Он с трудом разлепил свинцовые веки; спать… кто там еще… зачем его опять трогают… он же просил оставить ею в покое… он никому не мешает… спать…
— На вас лица нет… Где ваша шапка, вы же замерзнете, встаньте…
Женщина лет тридцати пяти, как ему показалось, очень похожая на Аленку, изо всех сил трясла его за плечи. Она чуть не плакала от досады, стараясь его поднять, не отводя от него расширившихся болью и страданием зрачков.
— Да встаньте же! Ну, вот так, ну, еще… совсем немного… Здесь недалеко… несколько шагов… за углом… Ну, вот так, молодец, обопритесь на меня…
Они были сейчас совершенно одни в мире, хотя их по-прежнему обтекал непрерывно движущийся, нескончаемый, вязкий людской поток, и Брюханов механически переставлял ноги, следуя приказаниям ее маленькой крепкой руки; жаркая пелена по-прежнему застилала ему глаза, он шел на ощупь, ничего не видя перед собой; ему казалось, что эту женщину он знает давно, тысячу лет, с тех пор как помнит себя, вот только долго ее не видел. И она, крепко ухватив его за рукав, осторожно вела по кривым незнакомым переулкам к дому. Она видела, что человек этот бесконечно, смертельно устал и находится на той самой грани, когда ему все безразлично, когда он уже не живет, но еще и не умер и когда любое неловкое движение может толкнуть его и в ту, и в другую сторону. Какая-то странная, тревожная тень копилась, дрожала в его неподвижных зрачках, и тусклый свет фонаря отражался в самой их глубине.
— Зачем их столько… зачем они все идут? — скорее поняла, чем услышала она, теперь он уже совершенно не сопротивлялся ее воле и послушно поднимался по закопченной старой лестнице деревянного дома.
Вверху, под потолком, в пролете второго этажа, тускло горела пыльная лампочка, забранная в мелкую металлическую сетку. Щелкнул замок, он тяжело шагнул за нею через порог.
— Вы же до костей продрогли… сейчас… сейчас… приготовлю чаю… Господи… скорей бы кончилось это безумие… Ну вот так… сюда, на диван.

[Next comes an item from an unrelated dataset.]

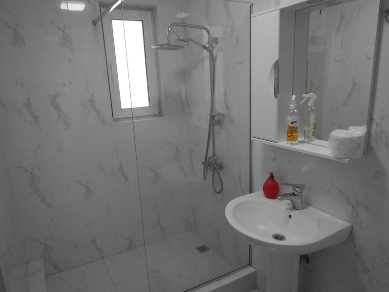 シャワーは熱いお湯が出るけれど、水圧が弱いのが残念です。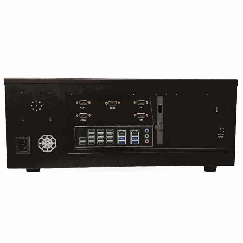 接口丰富:1*HDMI(独显接口),2* LAN(千兆),6*RS232,20*USB(14*USB2.0;6*USB3.0),1*MIC in,1* Line out,1* Line in,1*金属带灯开关,1*PS/2

Я включу сейчас рефлектор… Сейчас вы согреетесь…
Его знобило, с горячим ознобом стыда за свою беспомощность он прислонился к спинке кожаного дивана, послушно разрешил набросить себе на плечи старенький плед… Вспыхнувший свет на мгновение ослепил его, она прикрыла лампу какой-то косынкой, и мягкий полумрак окутал его, и опять кругом все исчезло и они остались совершенно одни. Ему вдруг показалось, что это Аленка рядом с ним; мучительно ясно представилось ее лицо и тело; он потряс головой, наваждение не проходило.
— Отпусти себя, — тихо сказала женщина, сумеречно и влажно жили своей жизнью глаза, и он все больше подпадал под их притягательную власть. Она была рядом и в то же время ему не мешала и окружала его со всех сторон. От нее исходила какая-то тишина, тишина и мягкий, ровный покой. Боже мой, как он устал и как долго ему не хватало этого покоя и тишины… Вырвать, надо давно вырвать мучительную, доводящую его до исступления боль об Аленке, сидевшую в нем постоянной саднящей занозой, вырвать решительно, не оглядываясь, навсегда.
За несколько секунд тишины с него словно сползла еще одна шкура, она слезала клочьями, и он передернул плечами от невыносимого, пронизывающего озноба; ему показалось, что он никогда не согреется, что всю жизнь он провел на сквозящем ветру, что только-только он шагнул под прикрытие, в этот мягкий спасительный покой и полумрак, и все прошедшее куда-то отодвинулось, исчезло; не существовало больше и настоящего, оно тоже исчезло, растворилось в желании переступить за последнюю черту.
— Спасибо тебе… Как мне найти тебя потом?
— Я сама тебя найду. Ни о чем не думай. Когда нужно будет, найду…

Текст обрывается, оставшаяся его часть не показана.